Поезд уходит. Перрон пустеет. Ириска давно растаяла, но вкус остается во рту — соленый от слез, которые она все-таки проглотила, сладкий от конфеты, и горький от того, что где-то на дне сознания она уже знает: он не вернется. Он не вернется, потому что таких — красивых, щедрых, прыгающих с поездов — убивают первыми. Но она не позволяет себе додумать эту мысль до конца. Она просто стоит, сжимая в кармане пальто пустой фантик, и чувствует, как тягучая сладость превращается внутри в камень.

...Анна Семёновна открывает глаза.

Она сидит за своим столом в квартире, где пахнет тушеной капустой из общей кухни и старыми обоями. Чайник давно вскипел и выключился. На столе, в тарелке с синими цветочками, лежит развернутый фантик. Сама ириска давно растаяла во рту, оставив после себя лишь легкую липкость на нёбе и ноющую, сладкую пустоту.

Слезы текут по щекам. Она не вытирает их. Они стекают в морщины, застревают в уголках губ, и на вкус они соленые, как тот ноябрьский ветер.

Она знает, что будет делать завтра. Она снова пойдет в ларек «Ромашка». Купит такой же кулек. Потому что эти дешевые, липкие, почти безвкусные для всех остальных ириски — единственная машина времени, которая еще работает. Которая возвращает ей не просто воспоминание, а живое, осязаемое присутствие. Она чувствует его пальцы на своих губах, его дыхание, слышит его хриплое: «Ты жди».

Она ждала. Всю жизнь. Она выучилась на врача, потому что он сказал, что медсестры на фронте нужны. Она нашла его братскую могилу под Ржевом в пятидесятых. Она посадила там яблоню, потому что он пах яблоками. Она ни разу не вышла замуж, потому что тот вкус — вкус ириски, отданной с ладони перед расставанием — оказался сильнее любого другого обещания.

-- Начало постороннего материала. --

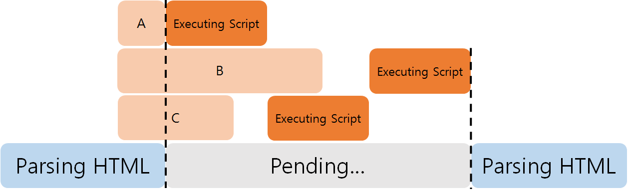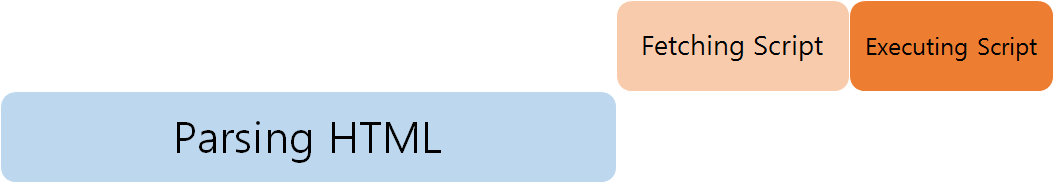 1. 속성 없을때 script를 만나면 불러오고 실행까지 시킨 후에 나머지 작업을 합니다. 위에 보이는 것처럼 head 안에 있다면 HTML 파싱이 끝나기 전에 실행해버리고, 만약 script 파일이 크다면 그만큼 로딩이 오래걸립니다.(요즘은 워낙 사양이 좋아서 크게 상관은 없어보입니다만 미세한 차이라도...)

Она берет фантик, разглаживает его дрожащими пальцами на клеенке. Бумажка сминается, распрямляется, но не рвется. Анна Семёновна складывает его в маленькую жестяную коробку из-под чая, где таких фантиков уже набралось несколько десятков. Она не знает, зачем их хранит. Может быть, для того, чтобы доказать: всё было. Ириска, поезд, лейтенант.

Вкус ее жизни — это вкус ириски. Начало — твердое, не поддающееся, как гранит. Середина — тягучая, бесконечная, полная сладкой боли и надежды. И конец... конца нет. Потому что пока она чувствует этот прилипающий к зубам вкус сгущенки и ванили, пока он заставляет её сердце сжиматься в ожидании лязга колес, — он жив. Он всё еще там, на перроне, машет рукой.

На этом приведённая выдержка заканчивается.